The material below holds the lines to copy: from the one with "Blue digital code" up to and including the one with "Pada mesin SHD". Copy them exactly and skip the pictures.

Source information:
━━━━━━━━━━
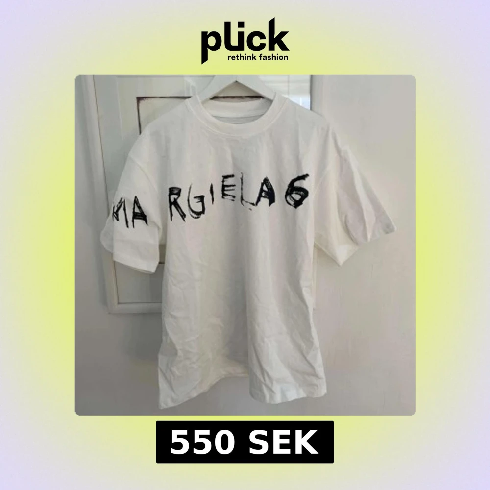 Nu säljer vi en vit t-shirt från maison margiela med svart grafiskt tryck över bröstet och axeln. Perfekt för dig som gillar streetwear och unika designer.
━━━━━━━━━━
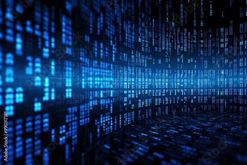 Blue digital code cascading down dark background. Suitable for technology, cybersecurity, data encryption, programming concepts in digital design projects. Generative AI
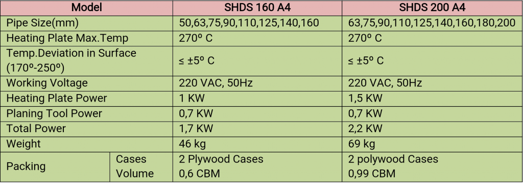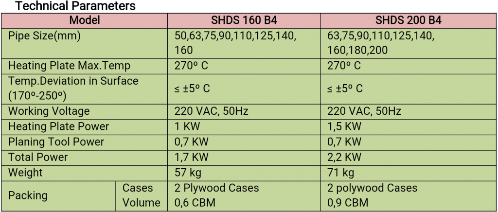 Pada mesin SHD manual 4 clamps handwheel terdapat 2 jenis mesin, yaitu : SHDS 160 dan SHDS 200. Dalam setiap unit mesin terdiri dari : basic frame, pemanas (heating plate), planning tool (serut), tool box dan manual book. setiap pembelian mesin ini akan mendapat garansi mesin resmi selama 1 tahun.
━━━━━━━━━━
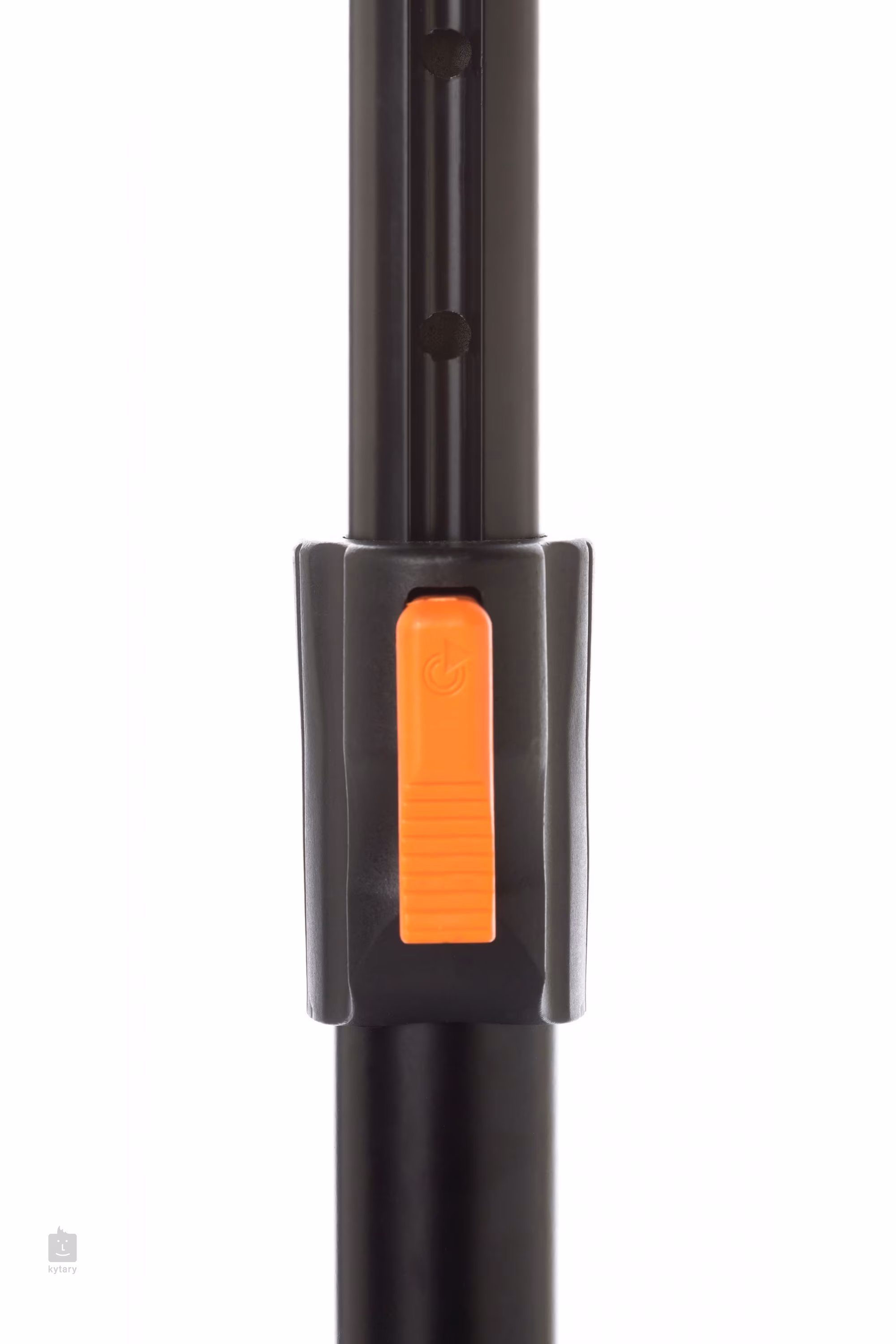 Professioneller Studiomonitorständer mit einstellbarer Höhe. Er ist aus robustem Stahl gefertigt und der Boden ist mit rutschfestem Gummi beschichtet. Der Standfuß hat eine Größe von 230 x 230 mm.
━━━━━━━━━━
Task answer:
 Blue digital code cascading down dark background. Suitable for technology, cybersecurity, data encryption, programming concepts in digital design projects. Generative AI
 Pada mesin SHD manual 4 clamps handwheel terdapat 2 jenis mesin, yaitu : SHDS 160 dan SHDS 200. Dalam setiap unit mesin terdiri dari : basic frame, pemanas (heating plate), planning tool (serut), tool box dan manual book. setiap pembelian mesin ini akan mendapat garansi mesin resmi selama 1 tahun.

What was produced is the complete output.